Task directions: What you return should be only the lines in the entries below between the one holding "Figure 3: this" and the one holding "I love my apple!", ends included, with every picture left out.

---------------

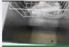
Stucco Embossed Aluminium Inner
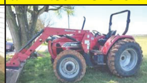
'84 CORVETTE MAHINDRA 8560
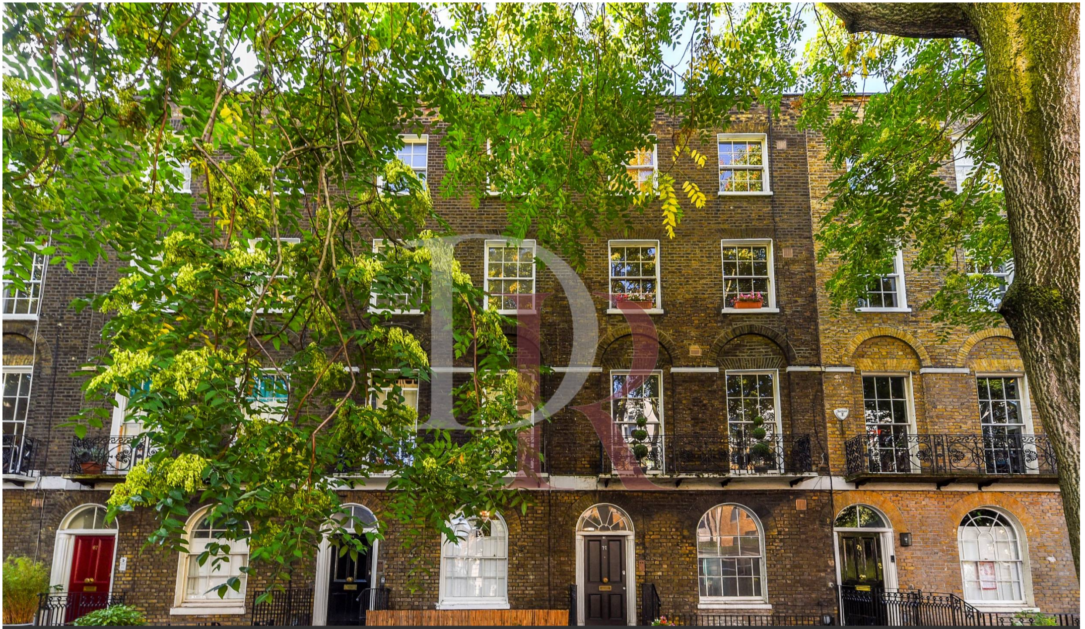
Pentonville Road, Angel, London, N1

Pentonville Road, Angel, London, N1 Asking price of £620,000 Leasehold
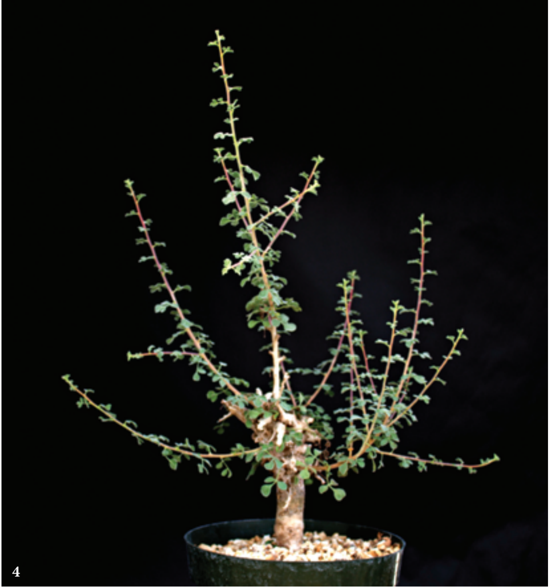
4 A cultivated specimen, in an 8" container, collected in Yemen by Gary James.

on the stigma. It appears that the female plant in its evolutionary process, has developed multiple methods, including catching any air-borne pollen, for a successful pollination.
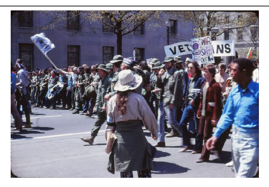
LET US STAY VIGILANT IN PROTECTING OUR RIGHT TO FREE SPEECH UNDER THE CONSTITUTION.

4) We should defend laws that are intended to benefits the common good. This brings to mind the case of Jackson vs. Massachusetts where the court upheld A mandatory vaccine law in 1905 over the objection of a man who claimed it violated his due process. Justice Alito conceded that he is all in favor of preventing dangerous things from issuing out of Cambridge, Massachusetts and infecting the rest of the world.
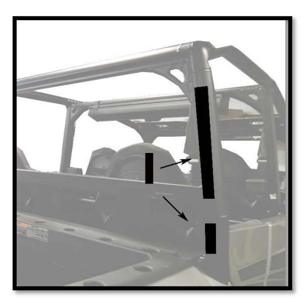
Figure 3: this strip will be one strip you may choose to cut the strip or place the strip all the way down the back. Either way will work.
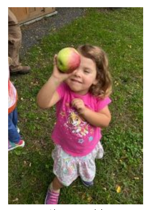
I love my apple!

Once tasting some of our findings, like cucumbers and tomatoes, we sought out our ripe apples. As we cut them open to investigate the seeds, we noticed how a horizontal cut shows a star. With paint and paper, we conducted an experiment to see if the star would work as a stamp.
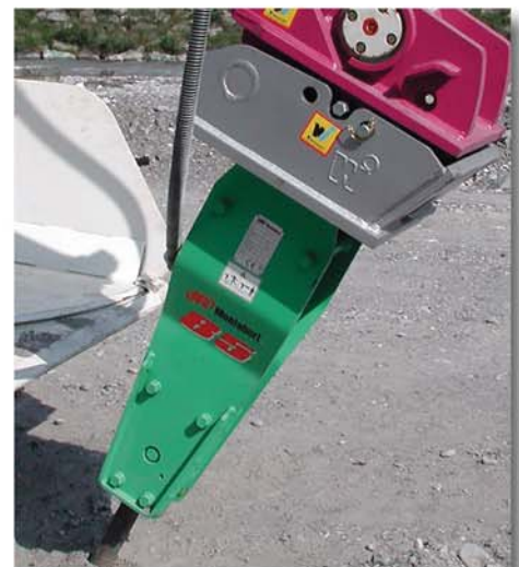
Quick hitch device with hammer for scaling
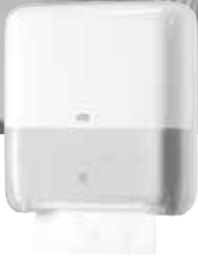
Tork Matic® Hand Towel Roll Dispenser
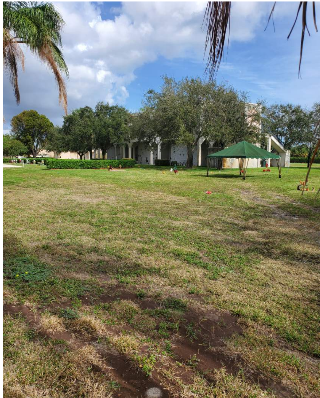
VIEW - D
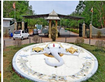
3. SV zoo park-65kms
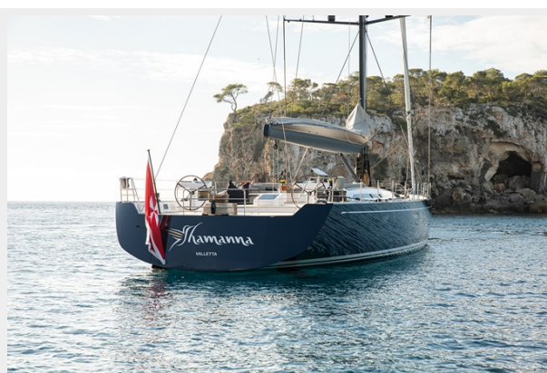
Sailing Yacht SHAMANNA 5
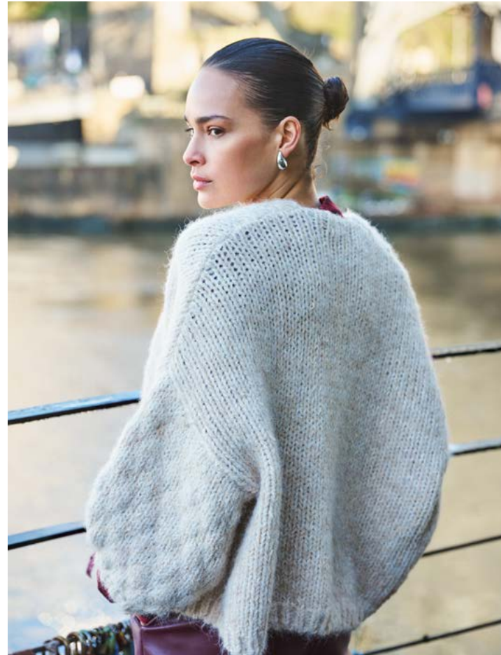
Q Cardigan F26.07502

---------------

Response to the exercise:
Figure 3: this strip will be one strip you may choose to cut the strip or place the strip all the way down the back. Either way will work.
I love my apple!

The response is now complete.